--- DATASET ENTRIES ---

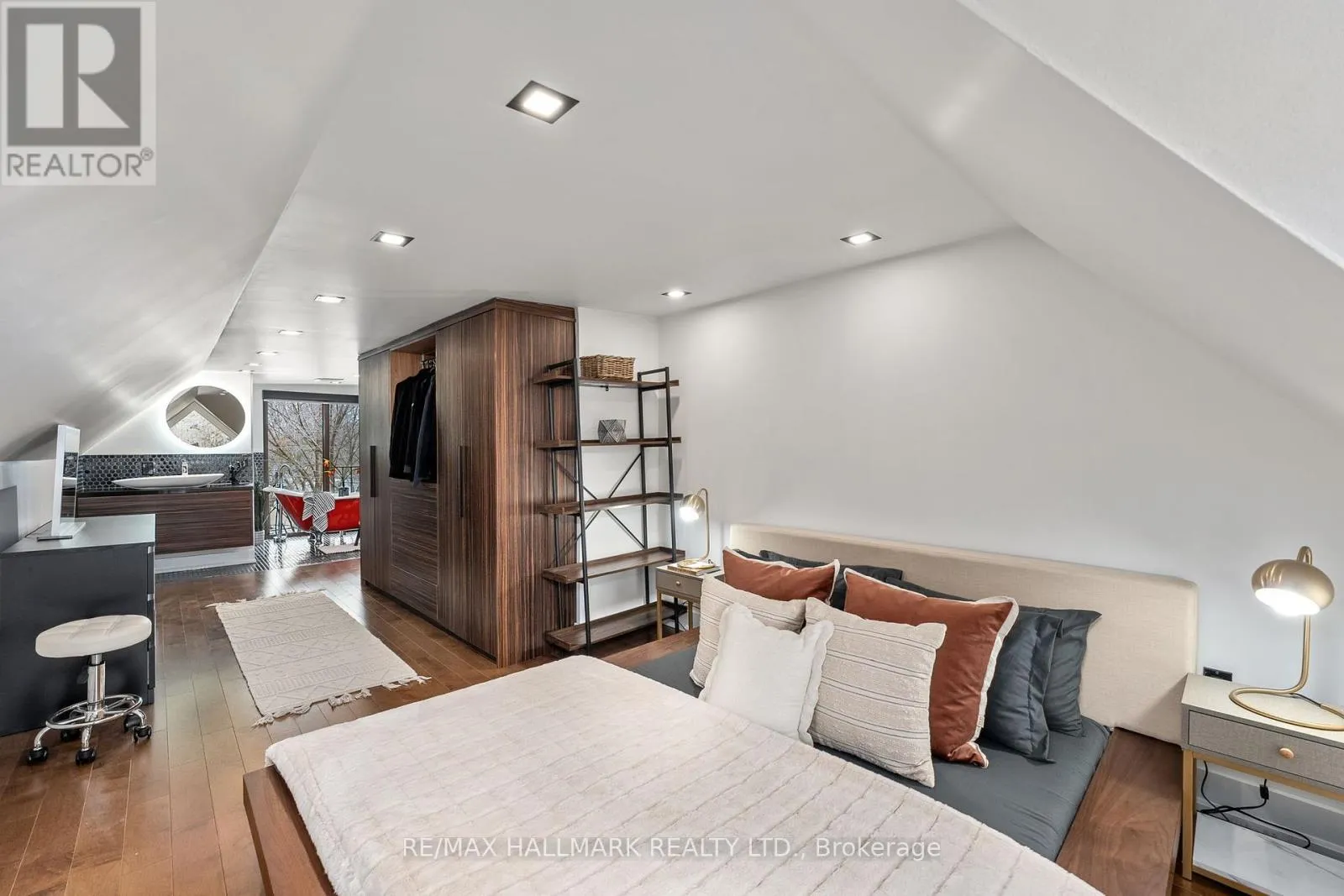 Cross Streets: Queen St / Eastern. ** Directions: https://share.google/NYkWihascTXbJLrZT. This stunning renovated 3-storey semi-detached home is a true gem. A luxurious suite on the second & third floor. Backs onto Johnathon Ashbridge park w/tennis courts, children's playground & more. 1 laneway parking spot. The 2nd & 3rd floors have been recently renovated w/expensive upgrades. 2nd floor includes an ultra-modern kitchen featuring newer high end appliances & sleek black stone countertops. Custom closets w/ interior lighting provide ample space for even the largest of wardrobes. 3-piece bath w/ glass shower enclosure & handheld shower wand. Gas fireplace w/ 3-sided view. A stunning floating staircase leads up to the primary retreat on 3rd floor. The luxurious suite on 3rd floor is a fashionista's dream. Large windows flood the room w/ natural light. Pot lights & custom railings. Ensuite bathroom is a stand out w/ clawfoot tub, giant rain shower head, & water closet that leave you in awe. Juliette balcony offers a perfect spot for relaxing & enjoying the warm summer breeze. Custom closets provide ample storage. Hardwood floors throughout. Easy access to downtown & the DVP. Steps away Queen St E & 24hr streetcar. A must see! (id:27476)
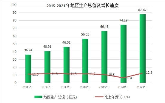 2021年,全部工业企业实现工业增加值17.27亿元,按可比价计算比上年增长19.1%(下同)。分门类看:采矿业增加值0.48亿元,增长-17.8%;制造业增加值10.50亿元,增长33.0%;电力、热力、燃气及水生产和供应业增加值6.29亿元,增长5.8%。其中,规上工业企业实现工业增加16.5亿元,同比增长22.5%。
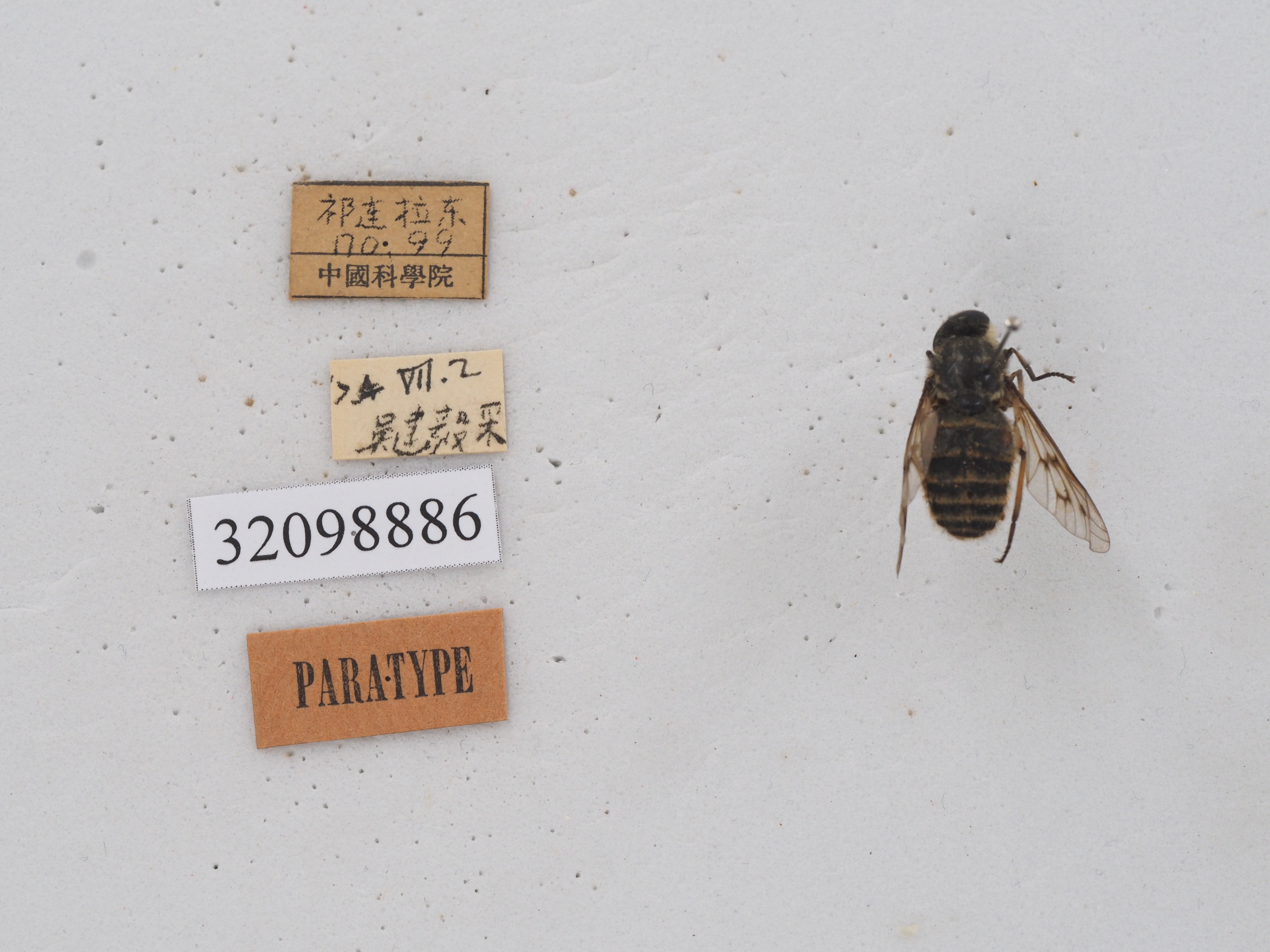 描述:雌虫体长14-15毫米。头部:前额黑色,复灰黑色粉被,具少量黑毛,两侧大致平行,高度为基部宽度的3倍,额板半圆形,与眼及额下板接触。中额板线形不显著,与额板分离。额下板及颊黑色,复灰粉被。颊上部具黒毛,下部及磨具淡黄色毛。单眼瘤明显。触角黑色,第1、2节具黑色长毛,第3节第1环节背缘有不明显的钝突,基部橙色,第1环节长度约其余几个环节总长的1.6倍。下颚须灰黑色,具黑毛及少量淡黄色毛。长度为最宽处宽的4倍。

---
--- DATASET ENTRIES ---

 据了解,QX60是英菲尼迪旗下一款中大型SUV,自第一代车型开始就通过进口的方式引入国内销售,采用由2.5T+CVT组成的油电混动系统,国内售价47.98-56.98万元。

---

**ACTIVITY:**
Though the entries above contain pictures, none should be copied; reproduce only the lines between the one holding "2021年,全部工业企业实现" and the one holding "描述:雌虫体长14-15毫米", inclusive, exactly as written.

**ANSWER TO THIS PROBLEM:**
 2021年,全部工业企业实现工业增加值17.27亿元,按可比价计算比上年增长19.1%(下同)。分门类看:采矿业增加值0.48亿元,增长-17.8%;制造业增加值10.50亿元,增长33.0%;电力、热力、燃气及水生产和供应业增加值6.29亿元,增长5.8%。其中,规上工业企业实现工业增加16.5亿元,同比增长22.5%。
 描述:雌虫体长14-15毫米。头部:前额黑色,复灰黑色粉被,具少量黑毛,两侧大致平行,高度为基部宽度的3倍,额板半圆形,与眼及额下板接触。中额板线形不显著,与额板分离。额下板及颊黑色,复灰粉被。颊上部具黒毛,下部及磨具淡黄色毛。单眼瘤明显。触角黑色,第1、2节具黑色长毛,第3节第1环节背缘有不明显的钝突,基部橙色,第1环节长度约其余几个环节总长的1.6倍。下颚须灰黑色,具黑毛及少量淡黄色毛。长度为最宽处宽的4倍。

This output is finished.